It is believed that the Portuguese constructed and fortified Tarut Castle between 1515 and 1521 AD, utilizing it during the six years they held control over the region. A signal fire was used as a warning system, with smoke visible during the day and light at night to indicate impending danger, as well as to monitor ships passing near the island. The Portuguese occupied the castle for a brief period before eventually abandoning all their castles, fortresses, and military installations in the area, permanently withdrawing from the region.

== The Ottoman Era (1871–1912 AD) ==

=== Banu Khalid taking shelter in Tarut Castle ===
In 1791 AD, Imam Saud bin Abdul Aziz launched a military campaign against Qatif, successfully capturing the region and its surrounding areas. During the invasion, Abdullah bin Suleiman al-Mahshuri, commander of the Khalidi forces, retreated to Tarut Castle following his defeat in the Battle of al-Jarudiyah. He established a defensive position within the castle, preparing for a confrontation with Ibn Saud's forces.

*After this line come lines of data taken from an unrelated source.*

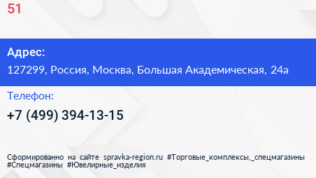 51 по адресу 127299, Россия, Москва, Большая Академическая, 24а в дальнейшем Организация, размещена в следующих категориях:
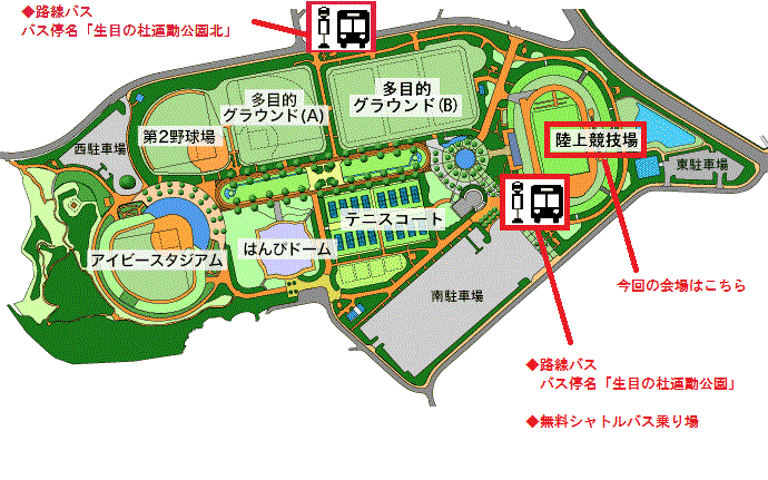 경기 당일, 미야자키역에서 미야자키시 이키메노모리 운동공원 육상경기장까지 무료 셔틀버스를 경기 전(11:30~14:00)과 경기 후(16:00~17:30)에 약 30분 간격으로 운행합니다.
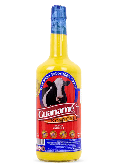 Guanamé’s vanilla-flavored rompope is a traditional dairy beverage made with ingredients such as milk, sugar, and natural flavorings, distinguished by its creamy texture and characteristic yellow color. This type of product belongs to the category of traditional Mexican beverages, widely recognized for their cultural and gastronomic value.
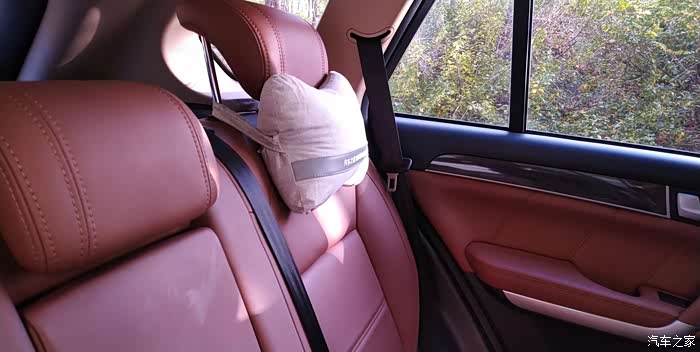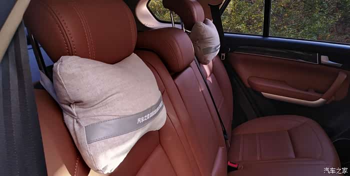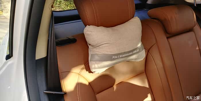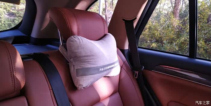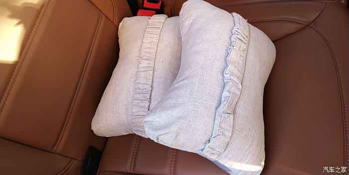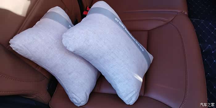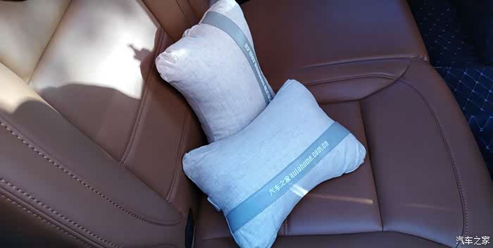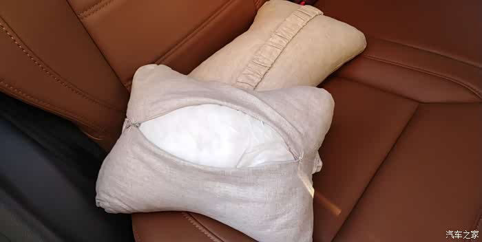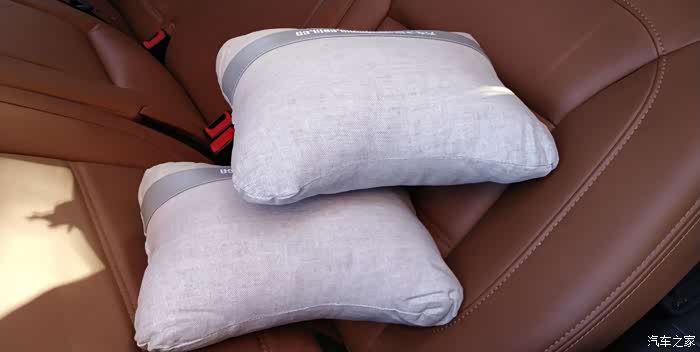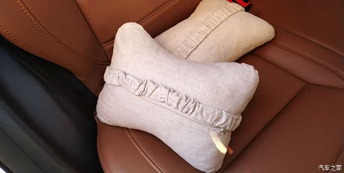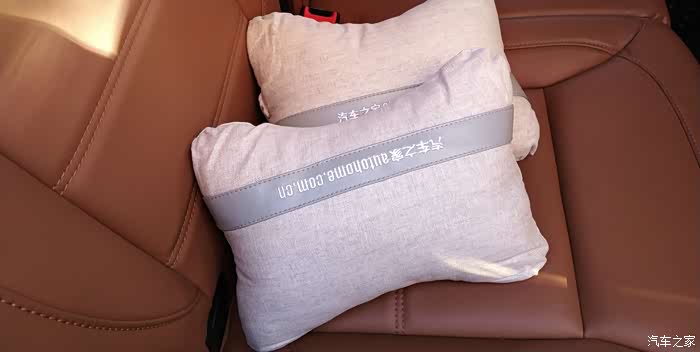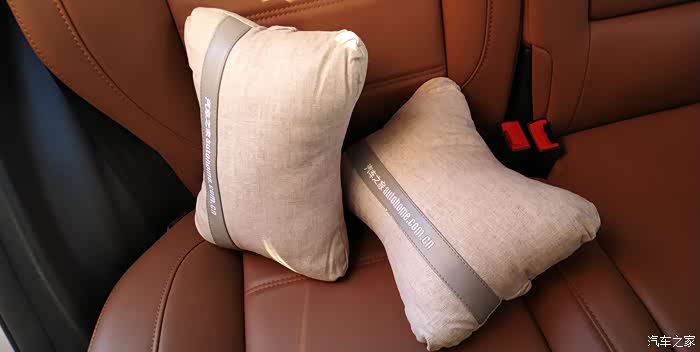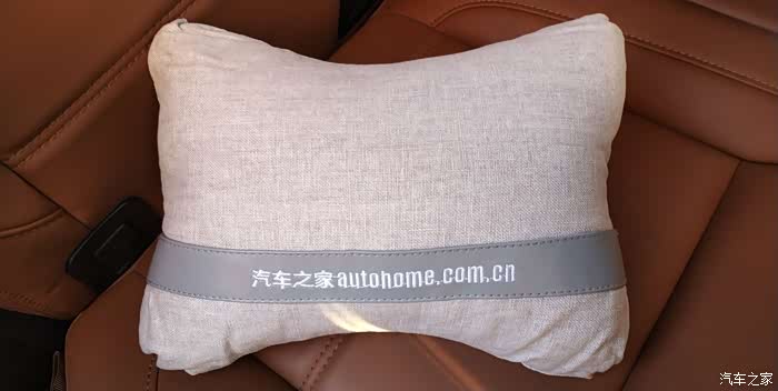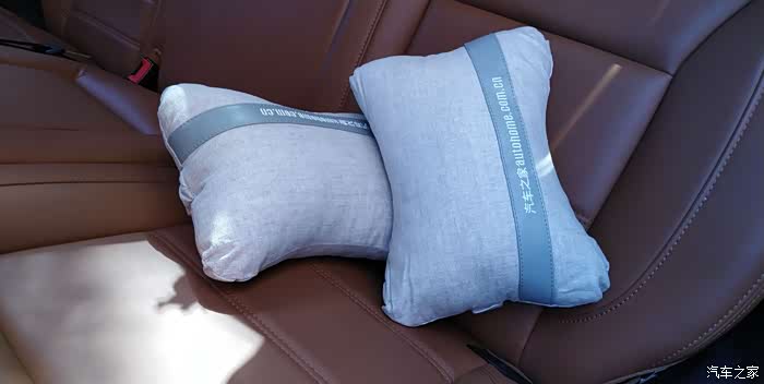 这款颈枕为汽车之家出品的,灰色仿亚麻材料外皮,材料环保耐用,上面带有仿皮的横条装饰条,装饰条刺绣白色汽车之家标识,颈枕内部填充物为白色丝绵,并且是个独立整体的,可以单独拆卸出来,方便颈枕外皮的清洗。

After securing Qatif, Ibrahim bin Afisan, one of Ibn Saud's commanders, sent his brother Fahd bin Afisan with 2,000 troops to Tarut Island to engage the Banu Khalid. Fahd initially gained control of the island and requested reinforcements. Ibrahim dispatched an additional 1,000 men, bringing the total force to 3,000. The combined forces then attacked Tarut Castle, successfully capturing it after a fierce battle. However, the engagement resulted in heavy casualties, leading to a strategic withdrawal of approximately 2.5 kilometers from the castle.

After retreating from Tarut Castle, Fahd bin Afisan resumed his siege of the fortress. One night, Abdullah bin Suleiman al-Mahshuri, the Khalidi commander barricaded inside the castle, consulted with his men about launching a counterattack. They agreed and ventured out to confront the Saudi forces, but the attempt failed, leading to Fahd bin Afisan's death during the battle. Fahd had requested additional reinforcements from his brother Ibrahim, but before they could arrive, the Banu Khalid returned to the castle and fortified their position.

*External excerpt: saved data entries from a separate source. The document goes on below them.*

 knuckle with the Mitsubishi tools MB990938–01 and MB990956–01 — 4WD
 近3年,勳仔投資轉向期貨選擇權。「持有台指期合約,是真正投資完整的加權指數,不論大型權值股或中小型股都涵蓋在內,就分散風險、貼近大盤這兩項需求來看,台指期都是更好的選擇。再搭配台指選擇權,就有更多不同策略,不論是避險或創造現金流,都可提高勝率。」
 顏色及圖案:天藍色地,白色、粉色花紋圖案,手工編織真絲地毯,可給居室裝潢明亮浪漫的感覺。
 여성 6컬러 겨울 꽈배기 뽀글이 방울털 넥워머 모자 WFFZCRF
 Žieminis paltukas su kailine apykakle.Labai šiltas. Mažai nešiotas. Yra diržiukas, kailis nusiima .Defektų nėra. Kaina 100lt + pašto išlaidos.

However, realizing that they were unable to withstand the Saudis, the Khalidi forces remained trapped inside. Ibrahim bin Afisan, in response, besieged the castle for twenty days. He then ordered the use of cannons to bombard the castle, with the attack believed to have originated from the northern side near Darwazat al-Hammam, the main entrance to Tarut Castle and the walled village. The relentless artillery fire caused severe damage, demolishing the eastern half of the castle and parts of the northern wall. This breach allowed Ibrahim bin Afisan's forces to penetrate the castle and seize control.

During the final assault, the Saudis managed to infiltrate the caves beneath the castle, ultimately defeating Abdullah al-Mahshuri and the Banu Khalid forces. With this victory, the Saudis gained full control over the Qatif region.

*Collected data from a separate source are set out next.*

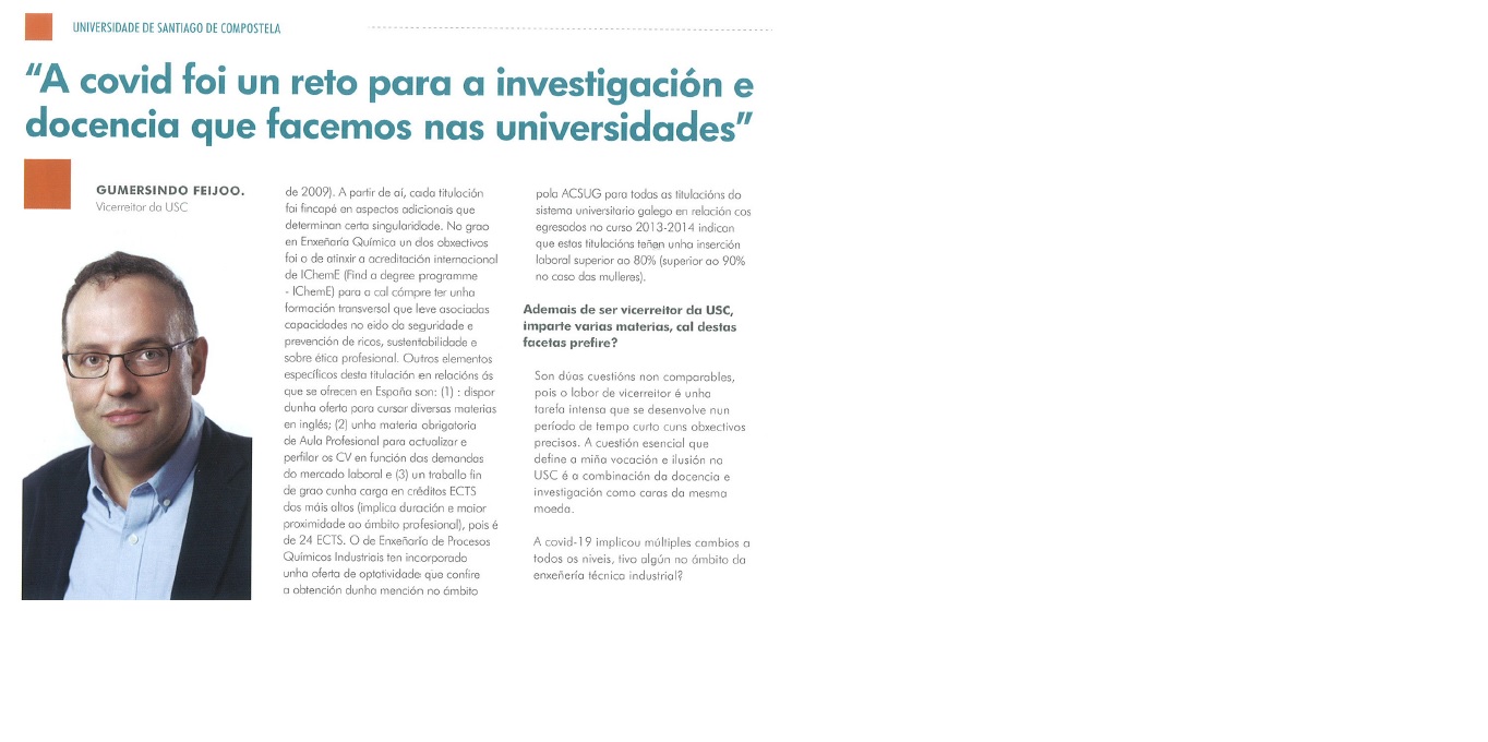 A revista do Colexio Oficial de Enxeñeiros Técnicos Industriais da A Coruña inclue no número 9 do mes de novembro de 2021 unha entrevista ao catedrático do Departamento de Enxeñaría Química da USC, Gumersindo Feijoo, o cal analiza distintos aspectos de interese.
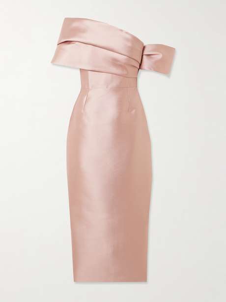 SOLACE LONDON Robe midi épaules nues en faille Mirla
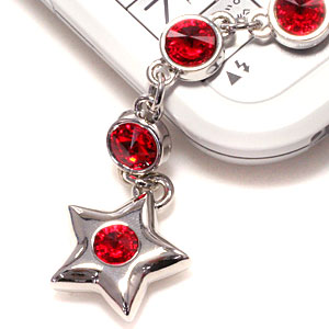 【激安メガセール!】【52-80】【スワロフスキー使用】CRYSTAL(クリスタル) スター型 携帯ストラップ シャム色
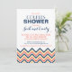 Invitation blanche douce et douce avec corail, jaune et bleu marine motif zigzag. Décoré de motif chevron en bas et à l'arrière. Un design simple et minimal pour votre journée spéciale. Customisez le libellé pour toute occasion comme baby shower, douche nuptiale, mariage, 16 sucré, graduation, fête d'anniversaire, fête de fiançailles, fête de bachelorette et plus encore.

=== Al Khalifa's seizure of Tarut Castle ===
Following the Saudis' consolidation of power over Al-Ahsa and Qatif, they launched campaigns to extend their influence to Qatar and Bahrain, which had been under the rule of the Al-Khalifa Al-Atoub. These territories were subsequently brought under Saudi control, establishing a dependency relationship with the Al-Khalifa. During this period, Rahmah ibn Jabir al-Jalhami was appointed Emir of Dammam, despite the long-standing rivalry between the Al-Khalifa and Rahma bin Jaber. This conflict culminated in Rahma bin Jaber's death near Ras Tanura around 1830.

After the death of Imam Turki bin Abdullah Al Saud, the founder of the Second Saudi State, in 1834, his son Faisal withdrew from the Qatif region and returned to Dariyah. Taking advantage of the political instability, the ruler of Bahrain, Sheikh Abdullah bin Ahmed Al Khalifa, seized control of the forts of Darien and Tarut, which were said to generate an annual income of $300,300.

=== Sheikh Musharraf takes shelter in Tarut Castle ===
Following the annexation of Dammam, Tarut and Darien by Sheikh Abdullah bin Ahmad Al Khalifa, the expansion of his influence was considered. This was to be achieved by occupying Al-Ahsa, capitalising on the unrest in Diriyah following the assassination of Imam Turki bin Abdullah Al Saud. To this end, contact was made with a sheikh and leader of the Amir tribe, Mushrif, who was urged to attack Qatif and Al-Ahsa. Ahsa. However, Saudi Prince Omar bin Afisan, the governor of Al-Ahsa, took the initiative to intervene. The Saudi army arrived in Tarut under the command of Abdullah bin Mashari and attempted to storm the Tarut fortress. However, the attempt was unsuccessful. In response, the Emir of Bahrain implemented a naval blockade on Qatif and Uqair with the objective of weakening the Najd government.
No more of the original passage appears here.